The NYFR-OIS 1-month spread is finally responding, and appears headed for a return to the normal margin of 50 basis points (0.50%). Not unexpected when you consider that the Fed has injected more dollars into the financial system than the annual GDP of a country like Australia. We will have to wait to see the long term impact of such a huge injection of funds.
The Dow formed an inside day on Friday, signaling uncertainty. Strong volume on Thursday indicates short-term support. Reversal above Thurday's high would indicate a test of resistance at 10000. Breakout below the low would warn of another test of support at 8000.
Long Term: The primary trend is down and breakout below 8000 would test the band of support between 7000 and 7300; the 50 percent retracement level for Fibonacci followers. Recovery above 10000 is less likely. And would not signal a primary trend change — unless there is a breakout above primary resistance between 11800 and 12000.
The 50-year chart shows the end of a 30-year bull trend, with a break below the long-term trend channel. Respect of support between 7000 and 7300 would suggest a lengthy period of consolidation, similar to the stagflation of the 1970s. We can be thankful that the man who fixed the stagflation of the 1970s is still around. Our best chance is that Paul Volcker is appointed to an influential position in Treasury or the Fed.
Failure of support at 7000 would warn of a bear trend. The worst case scenario would be a bear trend similar to the early 1930s. The equivalent of a return to the 1987 low, but this remains unlikely at present.
An S&P 500 breakout above 1000 would signal a bear market rally, often referred to as a suckers rally — like the early 1930 rally on the Dow chart above. Reversal below 850 would test the band of support between 780 and 800. Failure of support would warn of a strong bear trend. Twiggs Money Flow (13-week) continues in a downward trend channel. The higher low will only be significant if there is a breakout from the trend channel.

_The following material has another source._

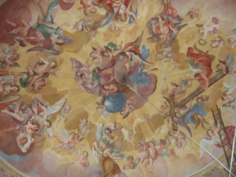 Die Kalvarienberg-Anlage - 348 bis 372m - ließ Maria Barbara von Mollin in den Jahren 1728 bis 1732 erbauen. Kalvarienberg-Kapelle "Maria im Elend" 348 m. Die Fassade weist Doppelpilaster und einen Volutengiebel auf. Im hölzernen Dachreiter, mit Ziegeln ausgemauert und mit einem mit Kupferblech gedeckten Zwiebeldach ausgestattet, hängen zwei Bronzeglocken. Das 180cm mal 320cm große Altarbild zeigt den Abschied Jesu von seiner Mutter. Der Platz darunter birgt ein „Heiliges Grab“ mit der Figur des vom Kreuz abgenommenen Christus. Acht Passionsbilder des "Josephinischen Kreuzwegs" sind an den Wänden angeordnet.

A TSX Composite breakout above 10200 would warn of a similar bear market rally. Reversal below 8600 would test the August 2004 low at 8000. Twiggs Money Flow (13-week) continuing in a downward trend channel signals long-term selling pressure.

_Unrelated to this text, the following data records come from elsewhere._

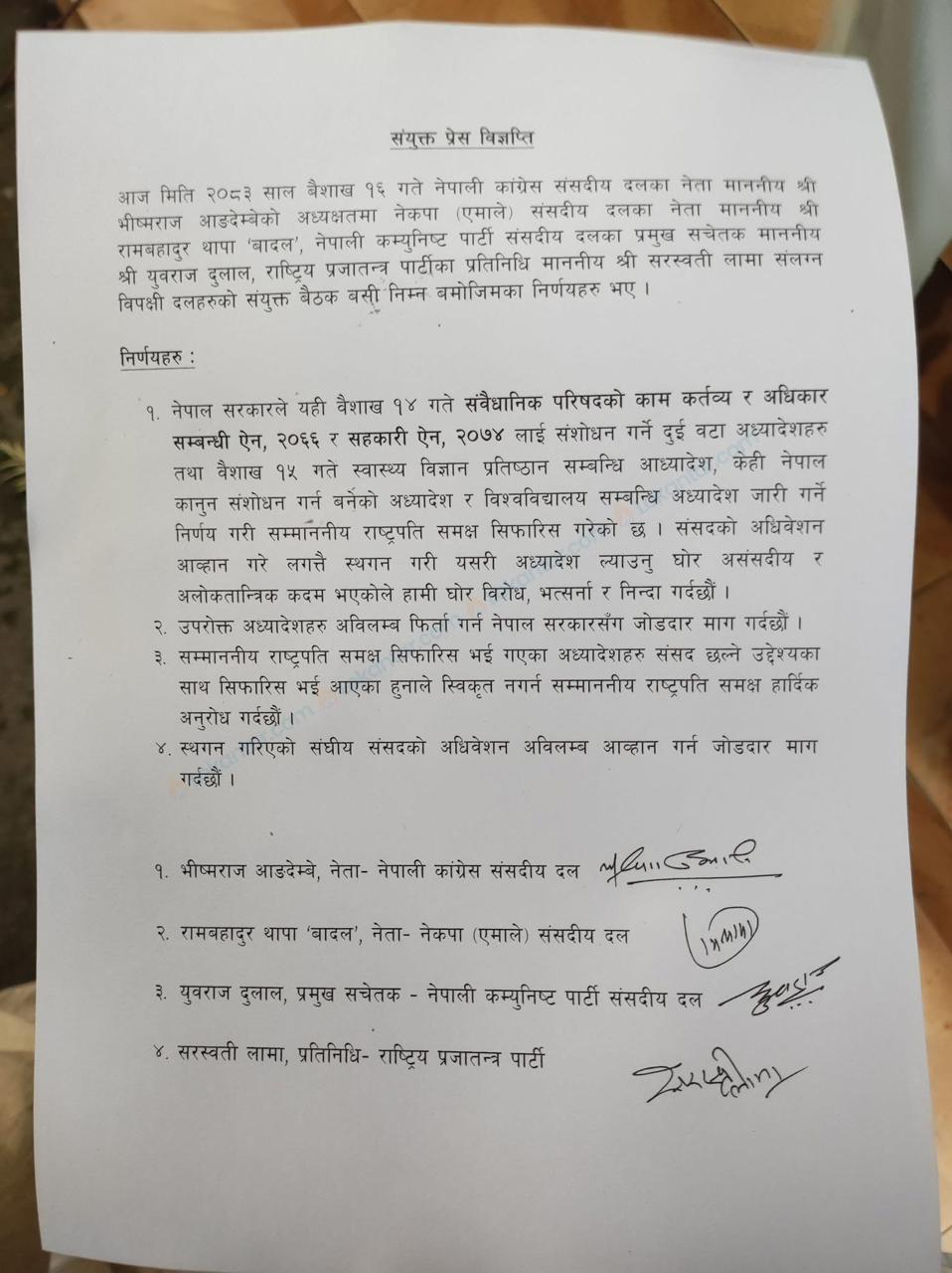 चार विपक्षी दलहरूद्वारा जारी संयुक्त प्रेस विज्ञप्तिमा वैशाख १४ र १५ गते सिफारिस गरिएका आधा दर्जन अध्यादेशहरू फिर्ता लिन जोडदार माग गरिएको छ । विशेषगरी संवैधानिक परिषद् (काम, कर्तव्य र अधिकार) सम्बन्धी ऐन र सहकारी ऐनमा गर्न खोजिएको संशोधनले राज्यका संवैधानिक निकाय र जनचासोका विषयमा सरकारी हस्तक्षेप बढ्ने उनीहरूको दाबी छ । संसदको बैठक बोलाउनुको सट्टा अध्यादेशको सहारा लिनुले सरकारको नियतमाथि गम्भीर प्रश्न उठेको विपक्षीको तर्क छ ।
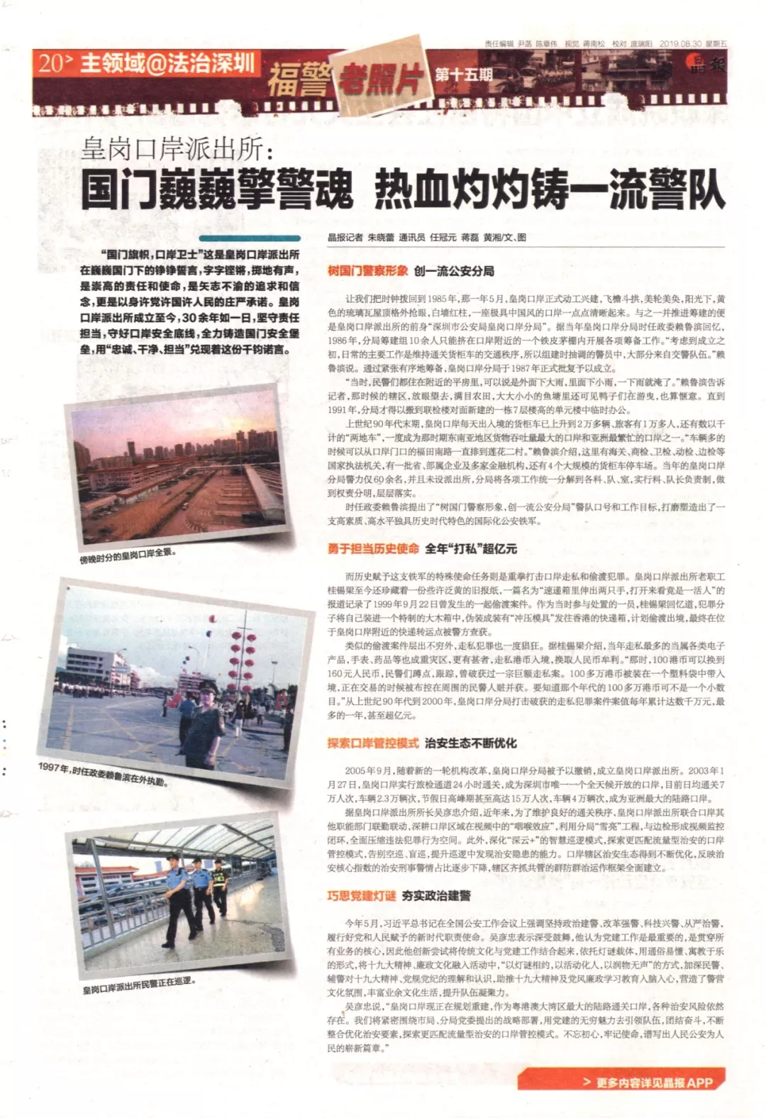 上世紀(jì)90年代末期,皇崗口岸每天出入境的貨柜車(chē)已上升到2萬(wàn)多輛、旅客有1萬(wàn)多人,還有數(shù)以千計(jì)的“兩地車(chē)”,一度成為那時(shí)期東南亞地區(qū)貨物吞吐量最大的口岸和亞洲最繁忙的口岸之一?!败?chē)輛多的時(shí)候可以從口岸門(mén)口的福田南路一直排到蓮花二村。”賴(lài)魯濱介紹,這里有海關(guān)、商檢、衛(wèi)檢、動(dòng)檢、邊檢等國(guó)家執(zhí)法機(jī)關(guān),有一批省、部屬企業(yè)及多家金融機(jī)構(gòu),還有4個(gè)大規(guī)模的貨柜車(chē)停車(chē)場(chǎng)。當(dāng)年的皇崗口岸分局警力僅60余名,并且未設(shè)派出所,分局將各項(xiàng)工作統(tǒng)一分解到各科、隊(duì)、室,實(shí)行科、隊(duì)長(zhǎng)負(fù)責(zé)制,做到權(quán)責(zé)分明,層層落實(shí)。
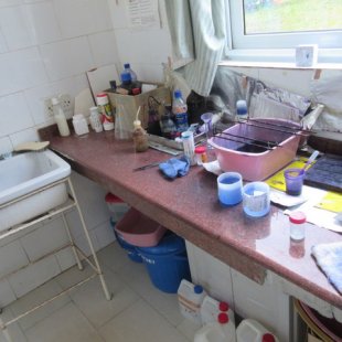 The office at the Mat. Ward. The delivery room is to the left, seperated by a thin blue cu -

The FTSE 100 broke out above the bullish falling wedge formation, signaling a bear rally. Expect a test of the band of resistance between 5000 and 5100. Reversal below the short-term low of 4250, however, would warn of a test of the October low at 3850. Twiggs Money Flow (21-day) respecting the zero line would confirm medium-term buying pressure. The primary trend is down, however, and reversal below 3850 would test the 2003 low, and 50 percent retracement level, of 3300.
The DAX displays similar hesitation, below the band of resistance between 5200 and 5400. Upward breakout would signal a bear market rally, while reversal below support at 4000 would warn of a test of the August 2004 low of 3600. Twiggs Money Flow (21-Day) respecting the zero line would confirm medium-term buying pressure. The primary trend, however, continues downward.
The Sensex rallied before finding resistance at 11000. Twiggs Money Flow (21-Day) below zero signals hesitancy. The primary trend is down and reversal below 8000 would offer a target of 6000, the 2005 low. Breakout above 11000 is less likely and would indicate a test of the upper trend channel.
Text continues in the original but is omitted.